In the trace, the packet can be seen coming ind, but it is dropped in {{handle_datagram/3}} since the IP and source port cannot be found in the set of clients in the {{dtls_packet_demux}} state.

{code}
13:25:27.891966    {:trace, #Port<0.6>, :send, {:udp, #Port<0.6>, {10, 244, 0, 1}, 55764, <<23, 254, 253, 0, 1, 0, 0, 0, 0, 0, 11, 0, 28, 55, 62, 95, 167, 248, 9, 18, 86, 218, 4, 44, 135, 148, 147, 109, 0, 76, 24, 57, 138, 65, 212, 70, 70, 191, 128, 95, 66>>}, #PID<0.135.0>}
13:25:27.896477    {:trace, #PID<0.135.0>, :receive, {:udp, #Port<0.6>, {10, 244, 0, 1}, 55764, <<23, 254, 253, 0, 1, 0, 0, 0, 0, 0, 11, 0, 28, 55, 62, 95, 167, 248, 9, 18, 86, 218, 4, 44, 135, 148, 147, 109, 0, 76, 24, 57, 138, 65, 212, 70, 70, 191, 128, 95, 66>>}}
13:25:27.896632    {:trace, #PID<0.135.0>, :call, {:dtls_packet_demux, :handle_info, [{:udp, #Port<0.6>, {10, 244, 0, 1}, 55764, <<23, 254, 253, 0, 1, 0, 0, 0, 0, 0, 11, 0, 28, 55, 62, 95, 167, 248, 9, 18, 86, 218, 4, 44, 135, 148, 147, 109, 0, 76, 24, 57, 138, 65, 212, 70, 70, ...>>}, {:state, 49002, #Port<0.6>, {:gen_udp, :udp, :udp_closed, :udp_error}, {:ssl_options, :dtls, [{254, 253}], :verify_none, {#Function<8.45162026/3 in :ssl.handle_verify_options/2>, []}, #Function<9.45162026/1 in :ssl.handle_verify_options/2>, false, false, :undefined, 1, "/cert/ssl.crt", :undefined, "/cert/ssl.key", :undefined, [], :undefined, "/cert/ssl.crt", :undefined, :undefined, :undefined, :undefined, :undefined, [<<192, 44>>, <<192, 48>>, <<192, 36>>, <<192, 40>>, <<192, 46>>, <<192, 50>>, <<192, 38>>, <<192, 42>>, <<0, 159>>, <<0, 163>>, <<0, 107>>, <<0, ...>>, <<...>>, ...], #Function<4.45162026/4 in :ssl.handle_reuse_session_option/3>, true, 268435456, true, true, :infinity, false, :undefined, :undefined, :undefined, :undefined, true, :undefined, ...}, {:socket_options, :binary, 0, 0, 0, false}, {1, {{{10, 240, 0, 5}, 55764}, {[#PID<0.141.0>], []}, nil, nil}}, {1, {{{10, 240, 0, 5}, 55764}, nil, nil}}, {1, {#PID<0.141.0>, {{10, 240, 0, 5}, 55764}, nil, nil}}, {[], []}, false, false}]}, {:gen_server, :try_dispatch, 4}}
{code}
OTP-Maintainer commented 4 years ago

ingela said:

Humm ... so I guess there must be a way to detect that the client changes its source  IP but still is considered to be the same  virtual connection ?! Any insights are welcome, currently working mostly with TLS-1.3
OTP-Maintainer commented 4 years ago

ingela said:

I was thinking maybe there is some kind of timing problem where the old connection is not quite closed when the client tries to start a new connection ... as far as I can remember there is no way to have the client being able to change its IP.
OTP-Maintainer commented 4 years ago

ingela said:

I just fixed a DTLS "listen socket" emulation in ERL-1118  and I am curios if  it could improve this issue too! See PR 2504

https://github.com/erlang/otp/pull/2504
OTP-Maintainer commented 4 years ago

JIRAUSER12907 said:

After some further investigation, I don't really think this should be fixed at OTP level. It seems like this is expected behavior of Kubernetes, which is not really compatible with DTLS.
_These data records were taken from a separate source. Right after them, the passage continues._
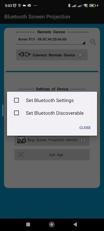 Demo-applicatie om het scherm van een ander extern apparaat via Bluetooth te bekijken
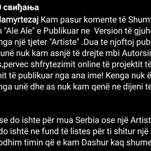 Ipak, senku na ovu numeru bacila je činjenica da je u pitanju obrada albanske pesme pod istim nazivom, koju u originalu izvodi pevačica Džensila, jedna od tamošnjih najvećih zvezda, a objavila ju je na svom Jutjub kanalu krajem aprila ove godine.
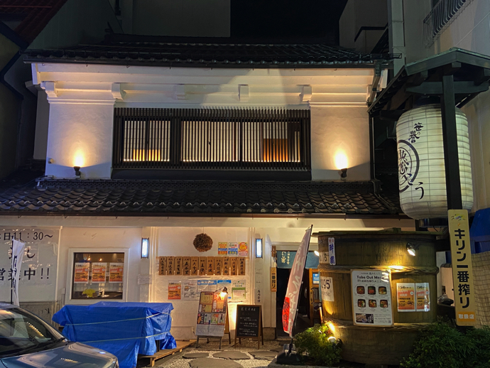 そのイタリアン居酒屋の真向かいにあった、お蔵改造しました的な古風な店構えの居酒屋では、日本酒のラインナップが自慢らしい。確かに白壁のライトアップは夜になるとひときわ目立つ。壁自体が発光看板みたいなものだから、誘引効果抜群だろう。大きな提灯が、この店でも誘蛾灯のように客を引き寄せる。

From https://kubernetes.io/docs/tutorials/services/source-ip/#source-ip-for-services-with-type-loadbalancer :

bq. As of Kubernetes 1.5, packets sent to Services with Type=LoadBalancer are source NAT’d by default, because all schedulable Kubernetes nodes in the Ready state are eligible for loadbalanced traffic. So if packets arrive at a node without an endpoint, the system proxies it to a node with an endpoint, replacing the source IP on the packet with the IP of the node (as described in the previous section).

I doubt the fix to ERL-1118 will make a difference, but we appreciate the fix.
OTP-Maintainer commented 4 years ago

ingela said:

So this particular issue seems not to be an issue with the OTP implementation so I will close this for now. If you find some problem related you are of course welcome to reopen or create a new issue which ever seems most appropriate.